# Way too soon.....Basha RIP



## wolfstraum (May 2, 2003)

With heavy heart and tears, Basha was sent to the bridge last evening....

After meeting her father, Ufo v Guy's Hof on a business trip to Belgium, I wanted an Ufo dog.....a year later, I was able to buy a young female, not titled....left her to be titled in Belgium, had 2 litters there (one I was told was an "accident") and finally brought home in whelp to a top WUSV dog...

I did trial her once, improving over 20 points on her European scores, in all things, the majority of the points in tracking. Strong strong female, always low 90's in protection for outs...she loved to rock on the field!

Basha had one of the best temperaments I have ever seen on a female...she could be in heat and lie on the couch with another female in heat (her daughter) and never a cross look from her. She lived with Kyra, Furious, Danger, Fenja, Kougar and other pups I grew out, both hers and Csabre's. She could be separated from her own pups and meet them 3 or 4 years later and know them and be happy to see them.

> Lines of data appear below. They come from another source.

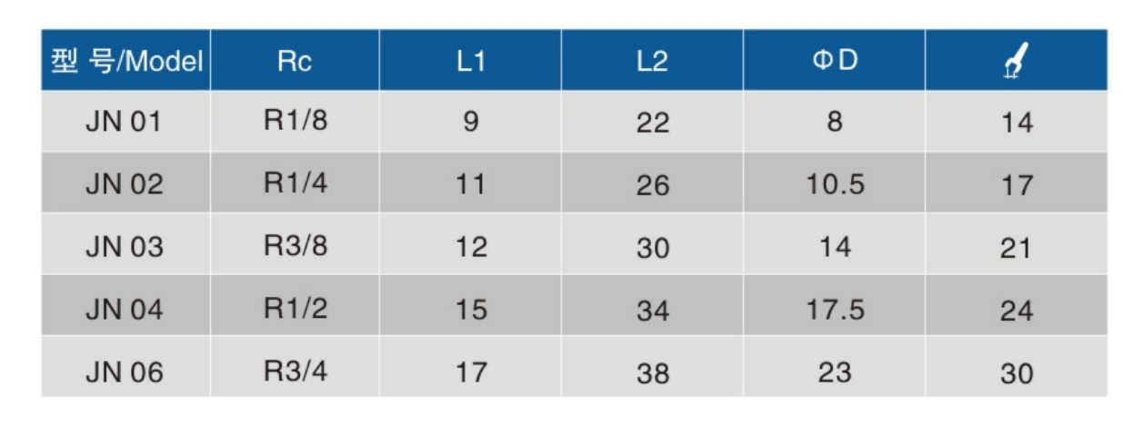 • 螺纹规格1:R1/8、R1/4、R3/8、R1/2、R3/4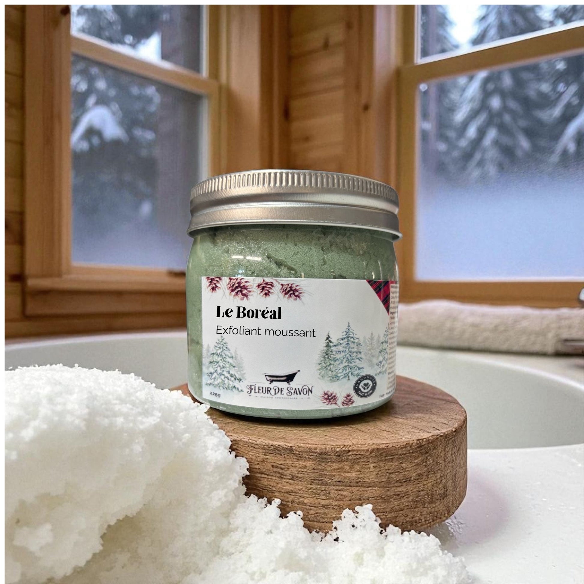 Notre exfoliant moussant Boréal nettoie et adoucit la peau tout en vous enveloppant d’une fragrance réconfortante.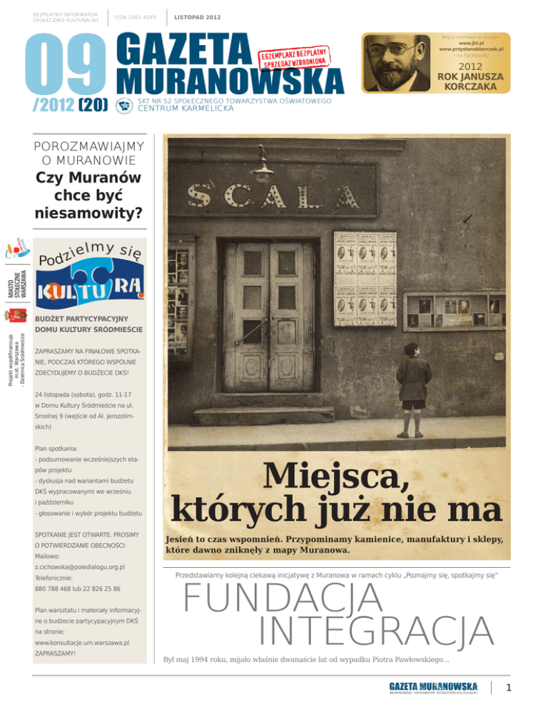 09 MURANOWSKA BEZPŁATNY INFORMATOR SPOŁECZNO-KULTURALNY ISSN 2082-4289 LISTOPAD 2012 GAZETA /2012 (20) Więcej informacji na stronach: www.jhi.pl www.przystanekkorczak.pl i na Facebooku 2012 ROK JANUSZA KORCZAKA SKT NR 52 SPOŁECZNEGO TOWARZYSTWA OŚWIATOWEGO CENTRUM KARMELICKA POROZMAWIAJMY O MURANOWIE Czy Muranów chce być niesamowity? Projekt współfinansuje m.st. Warszawa - Dzielnica Śródmieście BUDŻET PARTYCYPACYJNY DOMU KULTURY ŚRÓDMIEŚCIE ZAPRASZAMY NA FINAŁOWE SPOTKANIE, PODCZAS KTÓREGO WSPÓLNIE ZDECYDUJEMY O BUDŻECIE DKŚ! 24 listopada (sobota), godz. 11-17 w Domu Kultury Śródmieście na ul. Smolnej 9 (wejście od Al. Jerozolimskich) Plan spotkania: - podsumowanie wcześniejszych etapów projektu - dyskusja nad wariantami budżetu DKŚ wypracowanymi we wrześniu i październiku - głosowanie i wybór projektu budżetu SPOTKANIE JEST OTWARTE. PROSIMY O POTWIERDZANIE OBECNOŚCI: Mailowo: [email protected] Telefonicznie: 880 788 468 lub 22 826 25 86 Plan warsztatu i materiały informacyjne o budżecie partycypacyjnym DKŚ na stronie: www.konsultacje.um.warszawa.pl ZAPRASZAMY! Miejsca, których już nie ma Jesień to czas wspomnień. Przypominamy kamienice, manufaktury i sklepy, które dawno zniknęły z mapy Muranowa. FUNDACJA INTEGRACJA Przedstawiamy kolejną ciekawą inicjatywę z Muranowa w ramach cyklu „Poznajmy się, spotkajmy się” Był maj 1994 roku, mijało właśnie dwanaście lat od wypadku Piotra Pawłowskiego... GAZETA MURANOWSKA MURANOWSKI INFORMATOR SPOŁECZNO-KULTURALNY 1 2012 ROK JANUSZA KORCZAKA Gazeta Muranowska POROZMAWIAJMY O MURANOWIE Chyba o żadnym innym warszawskim mordowanych, bo „w witrynach skle- osiedlu nie krąży tyle miejskich legend pów co rusz pojawiają się kartki: lokal co o Muranowie: na przykład że tu stra- do wynajęcia”? Moim zdaniem to wy- szy, że duchy getta wypędzają stąd ciąganie błędnych wniosków. Raz, bo każdego, kto chciałby otworzyć restau- mamy przecież kryzys. Dwa, bo dzia- rację lub prowadzić klub. Ot, mniejsze i ła silna konkurencja – w końcu ile na większe wyssane z palca historie, któ- jednej ulicy może istnieć sklepów spo- re powtarzają żądni rozgłosu tropicie- żywczych? Trzy, bo dla przedsiębior- le niesamowitości. Pewnie nie zwróciły- ców Muranów jest nieatrakcyjny ze by one mojej uwagi, gdyby nie zatoczy- względu na jego położenie – ani to ły niedawno szerszego kręgu. Zaczę- miejsce turystyczne, ani tym bardziej ło się niewinnie od pokazywanego jakiś biznesowe. Że po wojnie Żydzi nie czas temu w TVN Warszawa sensacyj- chcieli tu wracać? Również wielu nie- nego cyklu „Przeklęte rewiry” – w odcin- żydowskich mieszkańców przedwo- ku o Muranowie mowa o zjawiskach pa- jennej Warszawy miało ku temu opo- ranormalnych, przez które wielu miesz- ry, ba, nie tylko na Muranowie, ale i kańców osiedla miało rzekomo wypro- w ogóle w stolicy nie chcieli ponownie wadzić się do innych dzielnic. Dziś nie- zamieszkać. Że wreszcie osiedle po- samowitości Muranowa roztrząsane są budowane zostało na cmentarzysku? w wiodących gazetach w kraju - w jed- Jak cała Warszawa. O Muranowie utar- nym z październikowych wydań Sto- ło się mówić, że stoi na ruinach get- łecznej Gazety Wyborczej uderzył mnie ta, ale pamiętajmy, że getto ciągnę- wywiad „Widmowy Muranów”. A chwilę ło się z jednej strony aż do Okopowej, potem w Newsweeku artykuł „Muranów z drugiej prawie pod obecny Dworzec próbuje mówić”. I znów te same krzyw- Centralny. Na ruinach dawnej dziel- dzące moim zdaniem opinie o Murano- nicy zamkniętej stoi więc także osie- wie: że jest dziwny, nienaturalny, że dle za Żelazną Bramą, modne biurow- kryje się w nim coś niepokojącego, że ce Atrium i wieżowiec Rondo 1. Czy w krajobrazie dominuje śmierć. Albo, że o nich też powiemy, że kryją w sobie to „przeklęta w swej martwocie dzielni- śmierć? Chyba nie. Skąd więc takie ca dresiarzy i staruszek.” zdanie o Muranowie? Co do tej ostatniej opinii, jej autor chy- Dla mnie to raczej spokojne, pełne ba dawno na Muranowie nie był. Jestem zieleni osiedle. Niby w centrum mia- mieszkanką tego osiedla od trzech lat i sta, a przecież tak ciche jakby istnia- żadnego dresiarza jeszcze tu nie widzia- ło na peryferiach. To tradycje księgar- łam. Staruszki? Jest ich tyle samo co w skie i antykwaryczne, XVIII-wieczne Śródmieściu Południowym czy na Moko- bale w ogrodzie pałacu Krasińskich, towie – w dzielnicach z zasady swej sta- obiady czwartkowe w Pałacu Błękit- rych i na tyle drogich, że niewielu mło- nym (zanim przeniosły się do Łazie- dych ludzi stać na kupienie tu mieszka- nek) i znakomite występy Szpilmana nia. Dzielnicach, dodajmy, które jednak w kawiarni „Sztuka”. Handlowy gwar stopniowo młodnieją - wystarczy zja- na Nalewkach i uliczny rejwach na wić się na Muranowie w letnie miesią- Nowolipiu. Wreszcie ciekawa archi- ce, by na podwórkach ujrzeć całe stad- tektura i spektakularna odbudowa, z ka biegających dzieci i ich rodziców lub którą wiązano nowe nadzieje. A le- przejść się o 11.00 na spacer, by spo- gendy o podziemnym mieście czy zja- tkać kilkanaście mam z wózkami. Jak wiskach paranormalnych to nic inne- widać, można tu żyć normalnie, skoro go, jak szukanie newsów i dorabianie pod oknami rośnie w oczach młode po- ideologii. Czy na pewno trzeba Mura- kolenie. nów na siłę ubarwiać i czynić niesamowitym? Może wcale niesamowity „Dzielnica przeklęta w swej martwo- być nie chce? cie”? Chyba nie bardziej niż Białołęka czy Targówek. Wyklęta przez po- 2 GAZETA MURANOWSKA MURANOWSKI INFORMATOR SPOŁECZNO-KULTURALNY Monika Utnik-Strugała Wersję elektroniczną Gazety Muranowskiej oraz numery archiwalne można pobrać ze strony: www.gm.muranow.waw.pl Więcej kultury: www.centrumkarmelicka.waw.pl Więcej informacji na stronach: www.jhi.pl, www.przystanekkorczak.pl i na Facebooku serde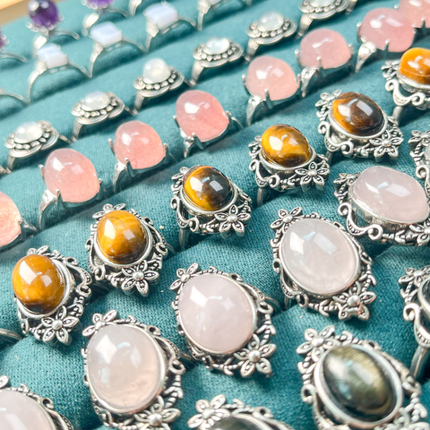 Бестселлер, драгоценный камень, натуральный кристалл, розовый кварц, мох, агат, аквамарин, лунный камень, Ювелирное кольцо для подарка на День Святого Валентина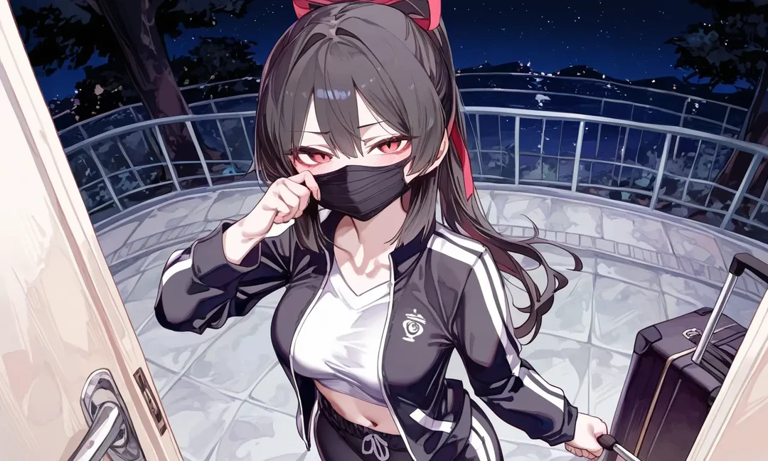 그 여자는 정체를 숨기고 있는 듯 마스크를 쓰고 있었다. Guest이 능청스럽게 이야기하자, 김현아는 살짝 화가 난 듯 마스크를 내리며 Guest을 째려보았다. 그 서늘한 미소에는 살기가 그득그득했지만 '어쩔 수 없는 이유'로 참고 있는 것 같았다. 그녀의 붉은 눈이 달빛을 받아 날카롭게 빛났다.
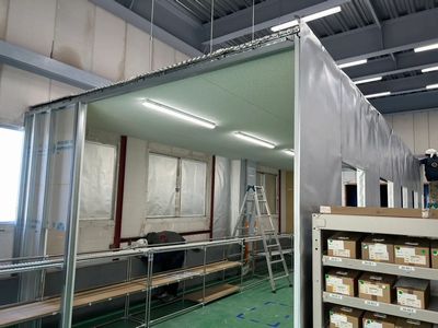 のれん式・ワンタッチ開閉の出入口で、入退室がスムーズにできるよう工夫している。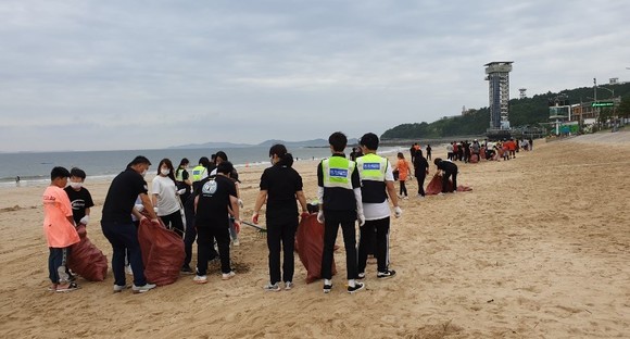 [포토] 보령시자율방범연합대, 해수욕장 환경정화 '구슬땀'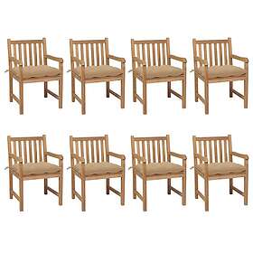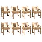 vidaXL Trädgårdsstolar 8 st med beige dynor massiv teak 3073076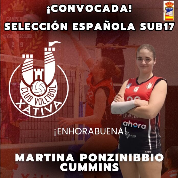 Martina Ponzinibbio Cummins, integrant del Club Voleibol Xàtiva, ha sigut convocada per la selecció espanyola sub17 per a disputar el Torneig de la Confederació Europea WEVZA que tindrà lloc a Barcelos (Portugal) del 22 al 27 de juliol de 2025. La concentració prèvia serà del 4 al 21 de juliol a Azuqueca de Henares (Guadalajara).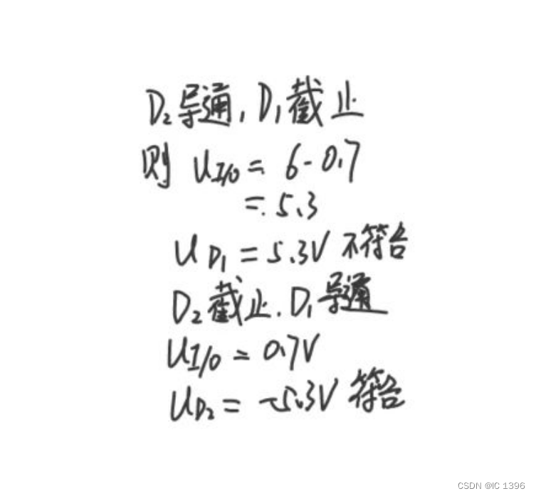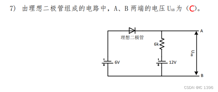 二极管导通,AB两端电压等于第一个电源的电压,不过方向相反,需要加负号

When I was in the hospital after a bad car wreck, Basha, now going on 10 and spayed, went to stay with a couple who had a K female, Knova.....they fell in love with her, and she stayed with them and for the last 2 and a half years, she was with Knova, who is bereft and looking for her....

Basha turned 12 on Aug 1st. That horrible birthday that seems to be the signal of nearing the end.....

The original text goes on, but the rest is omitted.